On 31st March regional assemblies will be abolished. There will probably be neither bang nor whimper.
I will be sad. This was one of the projects of New Labour that nearly took wings. And it leaves a void in both regional governance and in our own party’s thinking on what we do about devolution.
In the longer term there are also questions about the viability of the Union – if Scotland, Wales and to a much lesser extent London are allowed (if that is the right verb) to run themselves, why can’t the rest of England? More to the point, why must the rest of England be governed by those who are from parts of the UK which have devolved administrations?
The last meeting of my own regional assembly was on the morning I was due to leave for Party Conference. I had been its deputy chair for the best part of ten years and leader of the Lib Dem group until 2008. It was therefore a wrench to choose to attend the localism consultation session in Birmingham rather than the regional obsequies in Norwich.
The assembly had some sound achievements under its belt. Councils talked and worked together. The voting rights were determined by proportional representation and the counties were not allowed to bully the districts or unitaries. A genuine regional view was taken not least on European funding and on major highways priorities. A regional spatial strategy was developed. The development agency was held (on occasion) to account.
It is not clear when the rot set in. The transfer of structure planning powers upwards from counties to the regional assembly suggested that devolution was not necessarily on the agenda. The North East referendum confirmed it.
Meanwhile the first past the post system was delivering more and more Conservative controlled councils anxious to throw their weight around. Once the Government made it clear that it preferred to reform local government in favour of counties rather than districts, the county councils could remove their masks and seize the agenda: the new leaders’ forum which sort of replaces the regional assembly is little more than an annexe of Central Office.

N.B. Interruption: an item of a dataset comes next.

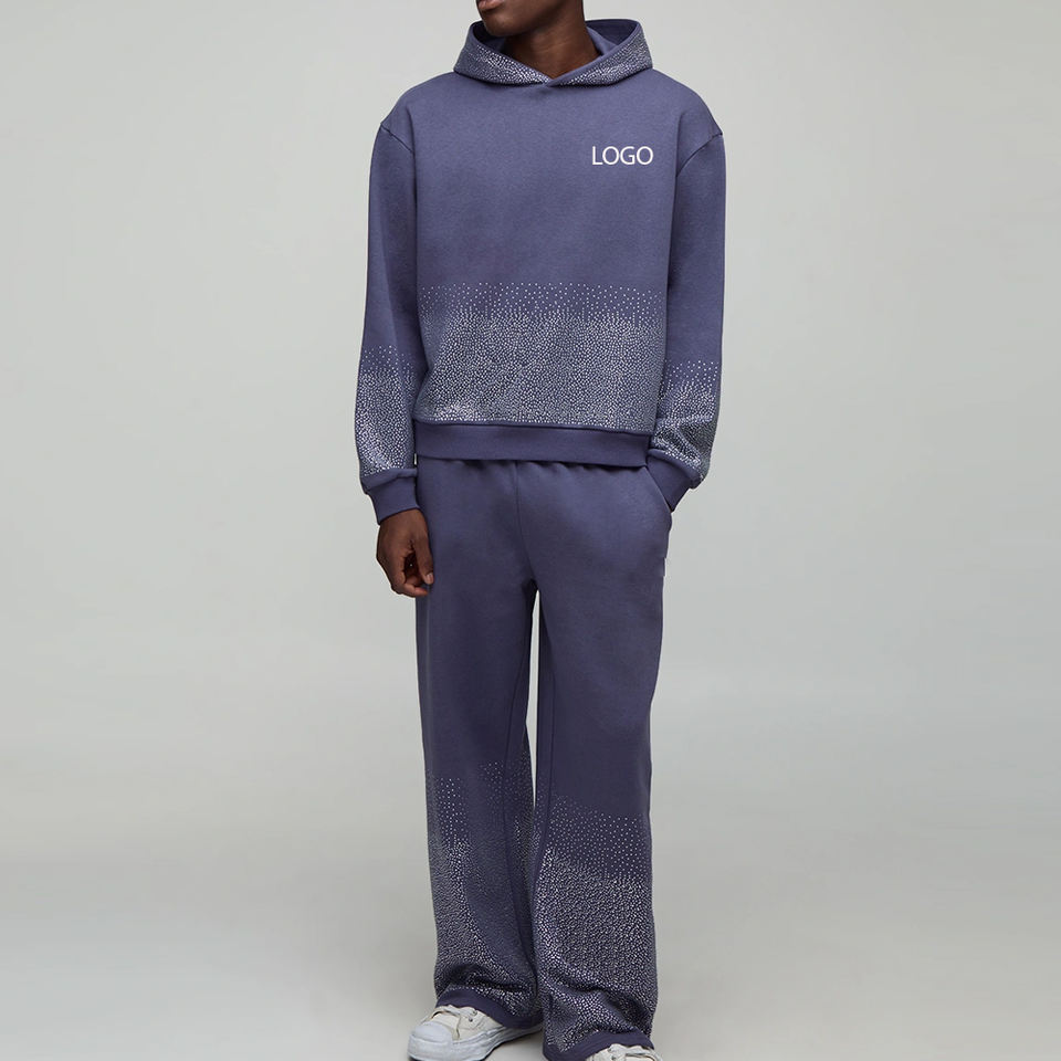 ชุดวอร์มผู้ชายดีไซน์ฮู้ดทันสมัย ประดับด้วยหินเทียม งานประณีต สีพื้น สำหรับฤดูหนาว ราคาถูกสำหรับการสั่งซื้อจำนวนมาก บริการ OEM

So where do we stand now? Is this a failed experiment that we should not revisit? Would it ever have worked as a vehicle for devolution? Or do we say that local government is fully competent to take powers from Whitehall, including most infrastructure planning, education policy and the NHS?
In many ways that is now our position – even though some of the units of local government are clearly too small to take on such a wide sweep of powers. That said, Essex – for instance – has a larger population than a number of EU member states.

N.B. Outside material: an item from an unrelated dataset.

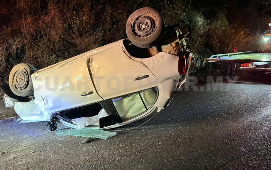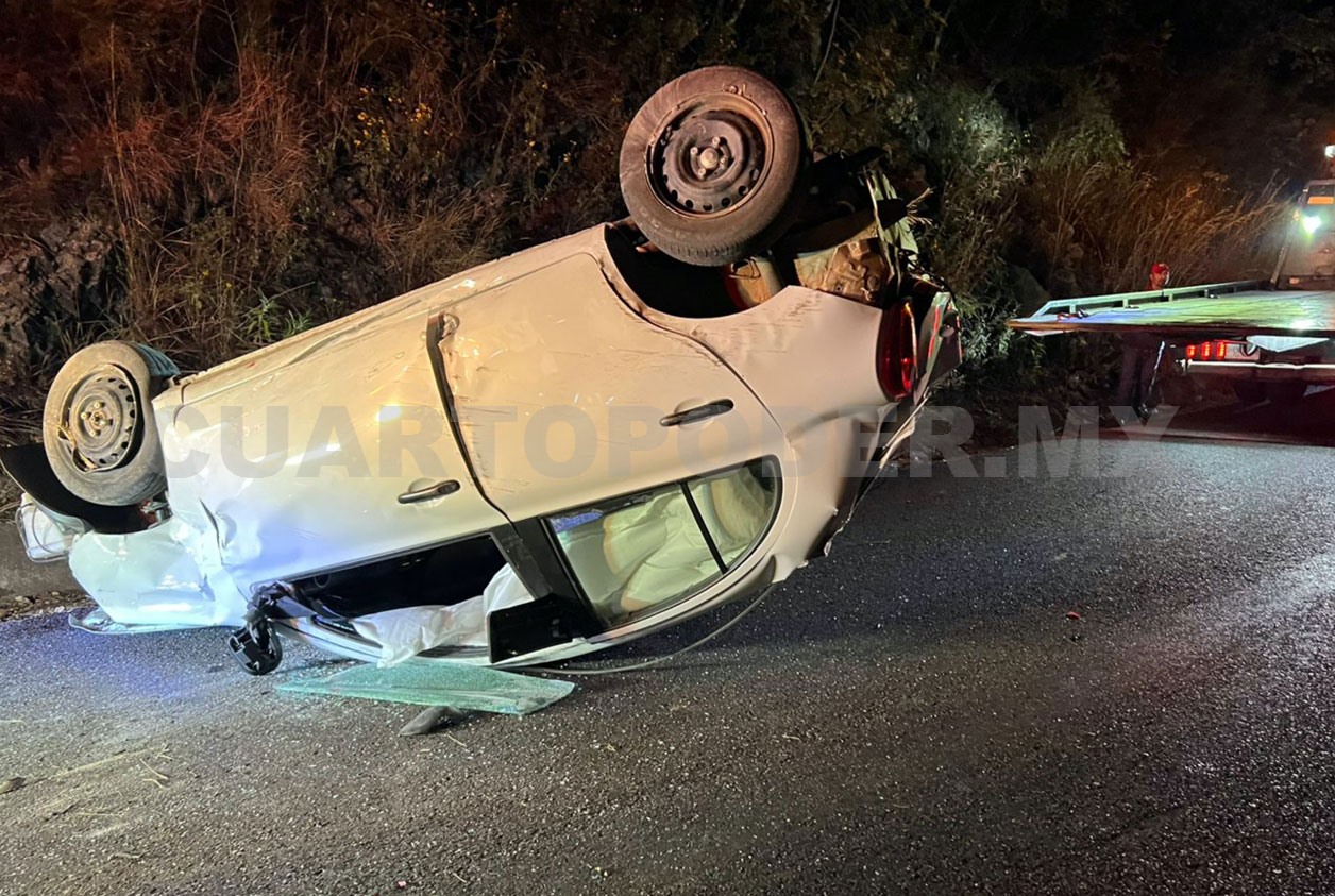 Sobre la carretera circulaba un automovilista a bordo de un Nissan March de color blanco cuando perdió el control al llegar a una curva —se presume que fue por falta de precaución y el exceso de velocidad— por lo que terminó Posteriormente, chocó contra el paredón para después terminar sobre el toldo con las llantas hacia arriba.

But we’ll need to do something about the voting system for county and city councils if the new powers are going to be exercised with any political credibility.
2 Comments
English regional assemblies were never an answer to the challenges caused by devolution, because they were never going to get anything like the same powers as Scotland and Northern Ireland. So long as there are secretaries of state in Westminster that are responsible for health, education, policing, etc., but effectively only for England, there is a devolution problem, and having regional assemblies doesn’t solve this unless they get full (law-making) powers over these areas (and I don’t think anybody has seriously suggested that).
The only logical answer to devolution is to create an English Parliament, with powers similar to those of Scotland and Northern Ireland. If it was placed in Birmingham or Manchester, it could also help to balance out the country.

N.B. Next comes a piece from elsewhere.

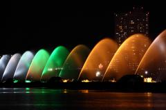 滋賀県のランドマーク琵琶湖の大津港沖に位置し、横の長さが世界最大級を誇る噴水。長さは約440m、高さは約40mもあり、10階建てビルに相当する。沖合180mの地点から盛大に噴き上げられる噴水は迫力満点で、放水される水量や角度により、さまざまな形に変化する。夜間のライトアップでは、グリーン、オレンジ、ホワイトの3色で彩られ、幻想的。
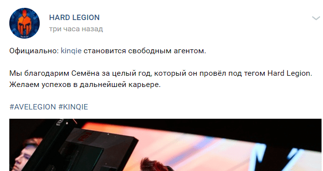 Организация Hard Legion объявила, что она официально прекращает сотрудничество с Семеном kinqie Лисицыным. 21 октября они отправили его на скамейку запасных, а сегодня объявили, что он свободный агент. Из оригинального состава Hard Legion остался лишь svyat, менеджмент клуба решил сделать...

(I live in Scotland, so I’m saying this from the perspective of making devolution work.)
I agree with the principle of what Thomas says but not the answer. My recollection is that this party has always supported federalism and that is a good way to go, although there is a clear argument in my mind for smaller units than ‘England’.
I have long supported the principle of regions: the problem with them has been that they were devised in the 1980s by the Tories when the EC (as it was then) told them they had to in order to receive European funds. The Tories’ response was to petulantly design unworkable regions.
The answer therefore is simply to redesign the regions and to give them powers equivalent to the Welsh Assembly, with an English national body to bring them together once in a while to have a good argument.
I live in the ‘south east’ – or rather I don’t. I live in Oxfordshire but apparently I have loads in common with Dover and Margate. For my area a ‘south central’ region from Milton Keynes down to Southampton would be logical and would work. No region is ideal and there will be detractors but the principle remains valid.